I also found a related post which was never resolved:
https://discuss.elastic.co/t/logstash-not-importing-data-into-elasticsearch/88197
Since it was asked on the other thread, here is a print of my _cat/indices

yellow open logstash-2017.08.31 6vam6SxUQJyc7aZEv_zNKA 5 1 0 0  955b  955b
yellow open .kibana             7yQFy8piRLm84MZb4rwYiw 1 1 2 1 9.3kb 9.3kb

What would be the right way to deal with it?

magnusbaeck · September 1, 2017, 5:11am

You need to decide the desired type of the [additional_info][sections] and make sure that the mappings and the values you send are consistent. Right now the field has been mapped as long but you're sending a string value.

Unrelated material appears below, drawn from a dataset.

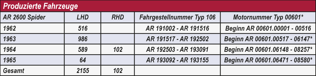 Von Verkäufern werden heute häufig 2600 Spider mit dem Prädikat „matching numbers“ angeboten, doch das ist nicht zulässig. Denn Alfa hat zu den ausgelieferten Fahrzeugen keine Motornummern ausgewiesen. Die dicke Kladde mit allen produzieren 2600 Spider hat keinerlei Eintrag dazu. Im Interview erklärte uns Touring Erbe Giovanni Bianchi Anderloni, dass Touring wohl Unterlagen zu den Motornummern gehabt hätte, diese seien jedoch leider nach dem Konkurs des Unternehmens im Jahr 1966 vernichtet worden. Im Klartext: Wir wissen heute nicht genau, welche Motornummer in welchem Fahrzeug eingebaut wurde. Es existieren im Centro Documentazione von Alfa nur noch Unterlagen darüber, welche Motornummern in welchem Jahr hergestellt wurden. Wer also heute einen Alfa 2600 Spider aus dem Jahr 1962 besitzt, sollte eine Motornummer zwischen 00001 und 00516 haben. Aber so ganz sicher ist das auch nicht. Für die folgenden Jahre sind die Motornummern allerdings noch schwerer zuzuordnen. Denn hier wurden die produzierten Motoren auf die 2600 Spider und Sprint verteilt, so dass man nicht weiß, welche Motornummer in welchem Fahrzeugtyp eingebaut wurde.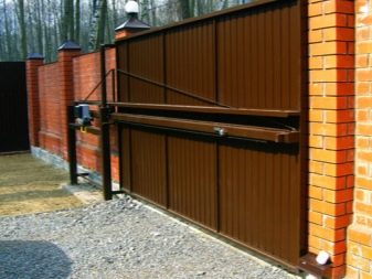 يكتمل التصميم بالكامل بمقبض فتح تقليدي. اتضح نسخة ميكانيكية. أيضًا ، يمكن ضبط البوابة باستخدام محركات كهربائية. هذا نوع تلقائي.

kolmai · September 8, 2017, 9:15pm

Thanks, I can see my problem now.
Will it be the correct resolution if I send a mapping update with the following request?

PUT my_reports
{
    "mappings": {
        "additional_info": {
            "properties": {
                "sections" : [{
                  "properties": [
                    {"type" : "text"}
                      ]}
                ]
            }
        }
    }
}

magnusbaeck · September 11, 2017, 6:08am

Mappings can't be updated so you have to reindex or create a new index. Otherwise you're probably fine except that there shouldn't be any arrays in the mapping definition. See the docs for examples.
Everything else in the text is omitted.